Many deals involved complex "earn-outs," performance-based incentives for the sellers should they reach specified goals. For example, when Novartis AG purchased Protez Pharmaceuticals of Malvern for $100 million in cash in June, the contract stipulated that Protez could earn up to $300 million more if certain clinical milestones, regulatory approvals and commercial targets are achieved.
Howard Snyder of Curtis Financial argued that the slowdown in dealmaking is exaggerated by the fact that after the 2001-2002 recession, M&As were championed by lenders who offered friendly terms and questionable covenants.
"Especially over the previous 18 to 24 months, there was an explosion of capital availability at historically loose terms," Snyder said. "What we're seeing now is a return to a more selective - and possibly too selective - investment or lending criteria."
He said that despite the gloom, capital is available.
"The kinds of transactions that are happening are growth investments by well-heeled companies that are looking four, five or six years out," Snyder said.
He has identified more than 2,500 well-run, privately held, middle-market companies in the Greater Philadelphia region that could be targeted.
Financial buyers are salivating at the lowered valuations, experts said, but securing financing has become difficult.
Venture capitalists invested $28.3 billion in 3,808 worldwide deals in 2008, compared with $30.8 billion in 3,952 deals in 2007, according to the MoneyTree Report by PricewaterhouseCoopers and the National Venture Capital Association (NVCA), based on data from Thomson Reuters. It was the first time since 2003 that the totals dropped below the previous year.
During the fourth quarter of last year, venture capital investments totaled $5.4 billion, the least amount spent since the first quarter of 2005. During the first three quarters of 2008, venture capitalists invested more than $7 billion per quarter, and during the fourth quarter of 2007, financial investors spent more than $8 billion.
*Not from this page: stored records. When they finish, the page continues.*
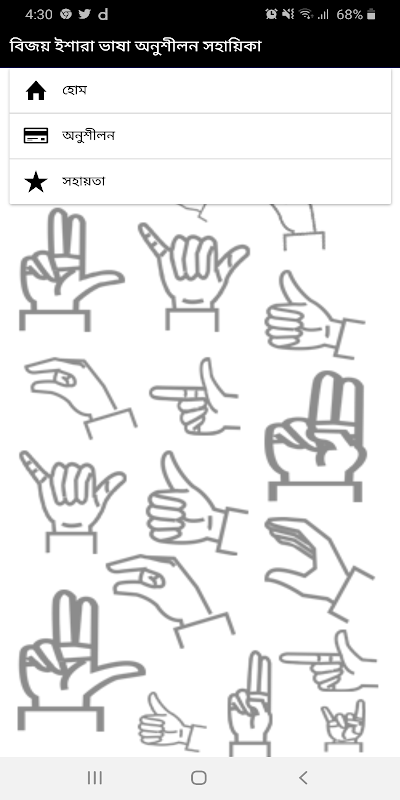 এই অ্যাপ্লিকেশনটির মাধ্যমে এবং শ্রোতাদের প্রতিবেদন ইশারা ভাষা শিখতে হবে এবং বিশদভাবে
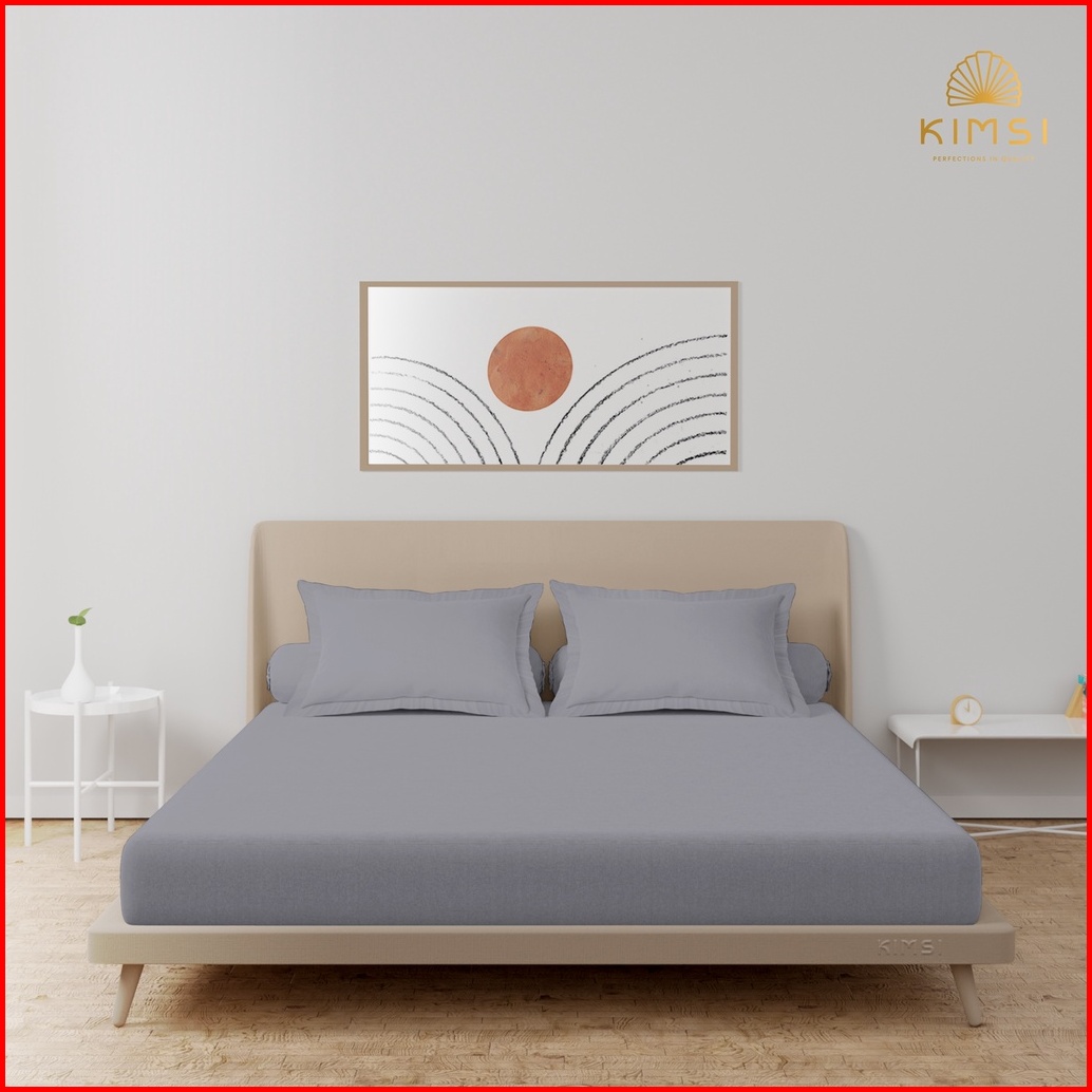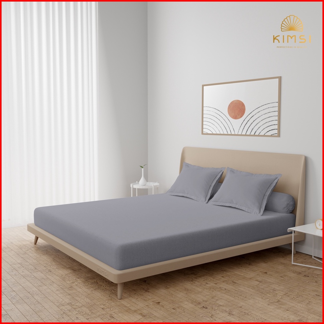 Sprei Set Katun Disperse Polos Not Bedcover Kimsi Ukuran 180x200x30 Seprei Cotton Premium Light Grey
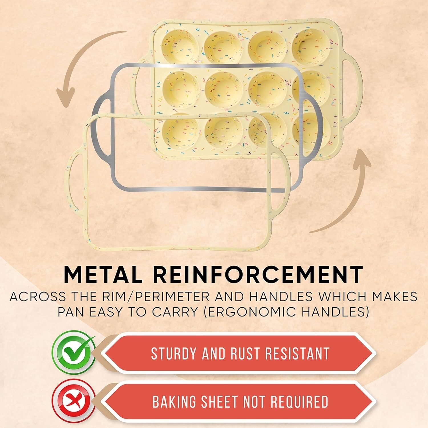Experience the elegance of a reinforced cupcake pan that offers exceptional stability while ensuring easy maneuverability. With its ergonomic grip and reliable design, carry your creations without fear of spills or mishaps.
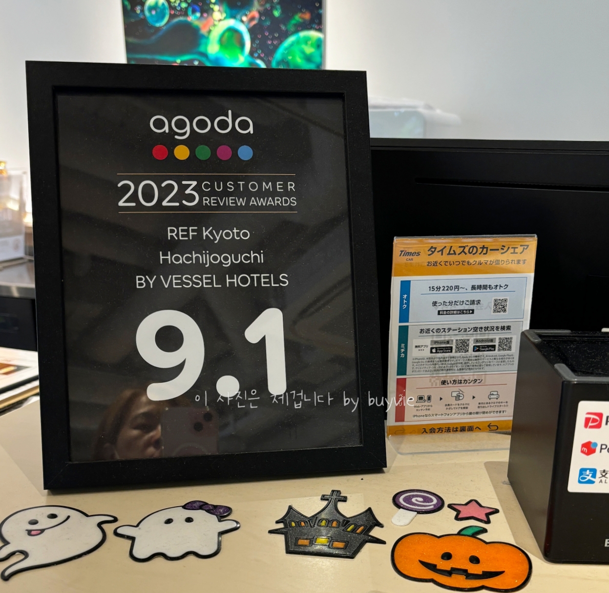프론트데스크는 1층에 있다. 데스크에 아고다 평점 9.1이 눈에 들어온다.
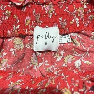 Polly Red Floral Mini Skirt. Ruffled layers. Elastic waist. This skirt is in good preowned condition.
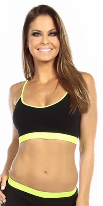 Feel the burn in style with this Sexy Neon Trim Fit Principle Athletic Crop Sports Bra Top. It's black as midnight but you'll be turnin' heads in the gym with its bright neon yellow trim. Get ready to incin-erate!
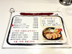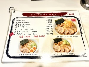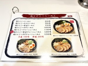 麺のメニューは塩とんこつらーめん・煮干しらーめん・つけめん・油そばをベースに、もやし・ネギ・味玉・チャーシューなどのトッピングによるバリエーション、この他にご飯ものやおつまみなどのサイドメニューの構成。
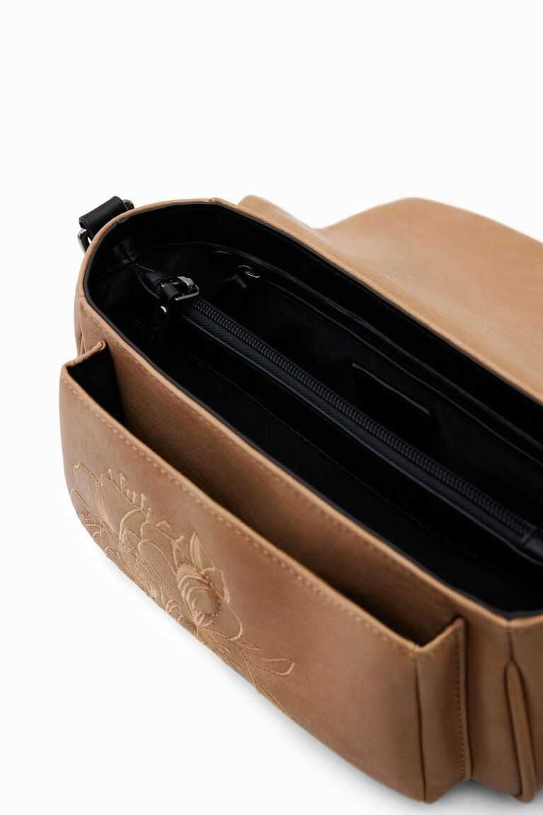 Faux-leather crossbody bag with textured flowers in a lighter shade. Features multiple straps for carrying in different ways and a zip to make it narrower.
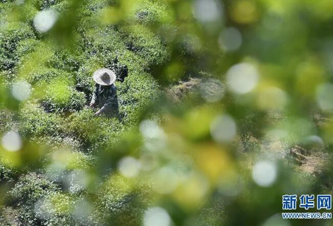 ▲2020年4月9日,合作社社员蔡世春在下党村扶贫定制茶园采摘茶青。新华社记者 林善传 摄
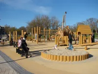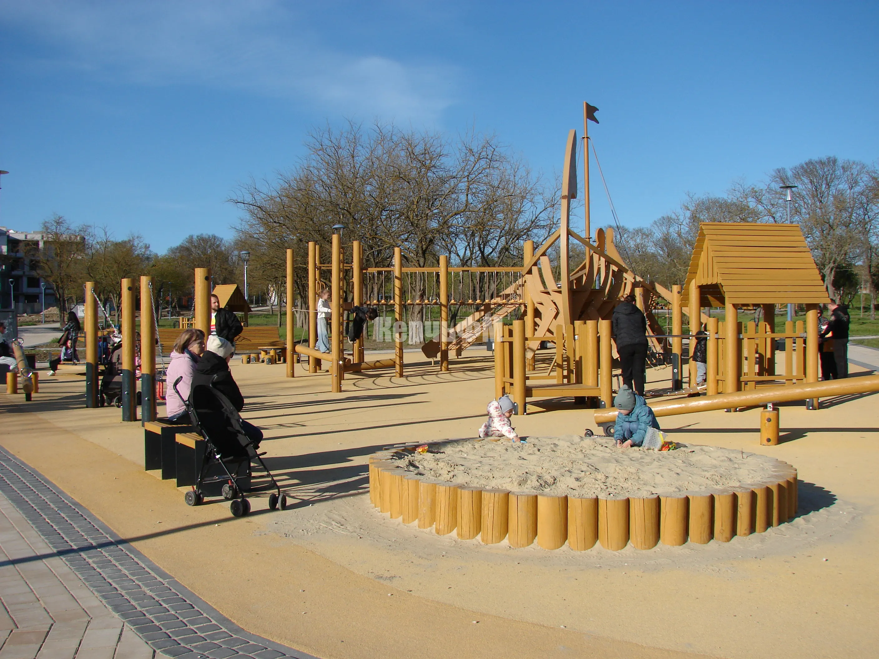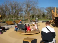 Территория парка очень большая и добраться до детских площадок, подъехав сбоку почти к середине парка с маленькими детьми, было бы очень удобно.

"The leveraged loan market is still in miserable shape, so bigger deals are not likely to resume for some time," said Patrick Hurley, managing director at MidMarket Capital Advisors in Philadelphia. "The smaller deal market, especially for add-on acquisitions, is actually pretty good because the banks that are still in business want to show some activity."
NewSpring Capital of Radnor totaled 14 transactions in 2008, making it among the most active buyers in the region. Its mezzanine fund closed four deals, compared with six in 2007 and four in 2006.
"What I see out there is fear," said Michael DiPiano, a general partner of NewSpring Ventures and the managing partner of NewSpring Capital. "It just changed so fast. The rhetoric on all your television news stations and the Internet is so negative, and so flamboyantly negative."
Still, he predicted that valuations had bottomed. His firm is cautiously looking for investment opportunities.
"Everyone is optimistic that things will settle down, but they are not optimistic that it will happen quickly," Duane Morris' Shay said. "Everyone is saying that 2009 is not going to be a good year. If things go well, and decisions made by the government are good decisions that have the right impact, then 2009 will build the base for 2010."